Из книги "ВЫХОД К МОРЮ"

      Выход к морю:

          Книга стихотворений
          М.: МИКО, 1996.
          ISBN 5-86406-126-3
          132 с.


ALGAE

        Прибережный тальник в черной накипи гнили бестолково затопленных в раннем апреле лощин, напряженно гудит сердцевиной надломленных прутьев, вторя гулу железной дороги.

        Запутанный лес этих жестких рыбачьих растений, очнувшись в воде, интересной, как вещи на дне затонувшего судна, приучается к чавканью собственных длинных теней, не желающих сдвинуться с места.
       
        Возможно, под вечер, покрываясь какой-то белесой гусиною кожей, он сгущается в образ тепла и живого тумана, из которого стали немного слышны голоса.

        Ледяная бесцветная кровь из древесных прорех тяжело застывает на сломах умерших волокон - кровь животных гораздо сильнее, и ей не застыть языками на жестких боках, ускоряющих бег.

        Мы в начале войны, что не знает движений и слез, даже грохот железной дороги - всего только звуки сердобольного мира, в котором труднее понять, что насыщенность - это и есть настоящий покой.

        Нагнетание ночи, привычное сенсору глаз, бесконечно простая сознательная развоплощенность непогибшей души из низинных астральных слоев означает сама по себе собирание жизни, попрошайство самоубийц и преступный порыв.

        Чайки ходят по глине, хватая размоченный хлеб (прошлогодний, как снег из пословицы) - черно-зеленый. Треугольною бритвою вырезана на секунду в частоколе стволов просветленность огромной реки.
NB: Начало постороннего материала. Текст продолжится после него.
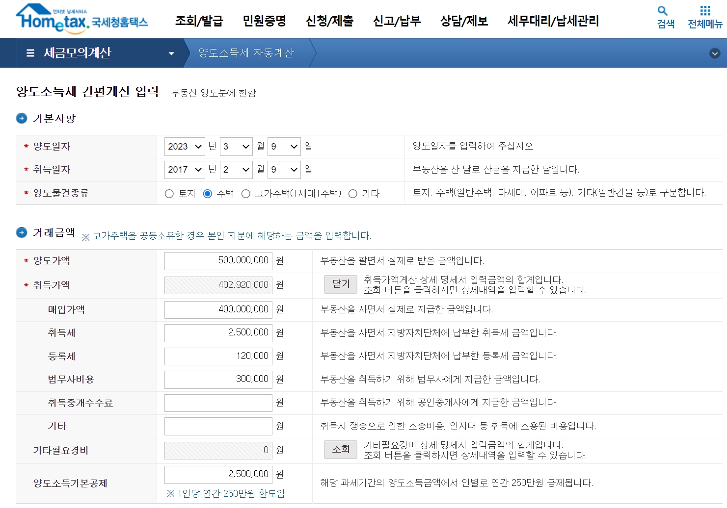 실제 양도소득세 세금을 납부하는 것과 다소 차이가 있을 수 있으니 이 점 참고하시어 이용해 보시기 바랍니다.

        Все равно не заметить ни волн, ни костлявых утесов, что похожи вдали на стекающий угольный шлак; один берег бывает крутым, а напротив - пологим; это - факт наблюдений за реками в этих краях.

        Объяснение нужно всегда, даже если во сне я встречаю однажды погибшего человека, я ему говорю - ты не можешь быть тут. Твоя мама сказала - ты умер. Поэтому он отвечает, чтобы все оставалось нормальным: а ты не смотри, что я очень похож, просто я - его брат.

        Есть любители снов и есть нелюбители снов - я не знаю, к кому отношусь, и теряю различье между мнимым и явным; и в этом нет ни гордыни, ни счастья, ни прочих рабочих чудес.

        Перебитый тальник в устье тракторной колеи, развороченность почвы, в которой цены перегноя нет ни на грош, в котором есть только вкус вешнего паводка, вымытые минералы, оставляющие кристалические решетки, наподобье скелетов заблудившихся щук.

        Вы видели тело змеи, что беременна человеком или английским ключом? Или просто босую ступню с татуировкой черепахи? Вы слышали речь на языке эгрегоров, с которой б смешалась кривая татарская брань?

        Вряд ли кто-нибудь часто глядит себе в ноги, в эту жижу увядшего торфа... И дряхлый сугроб начинает гореть, словно белый кладбищенский фосфор; и тальник снимает перчатки с промасленных рук.

        На секунду просвета реки можно вспомнить про скорость погибания прочих планет и забывчивость душ, что вернулись в тебя на секунду, а ты не заметил, лишь заметил какое-то место на карте. Возле воды.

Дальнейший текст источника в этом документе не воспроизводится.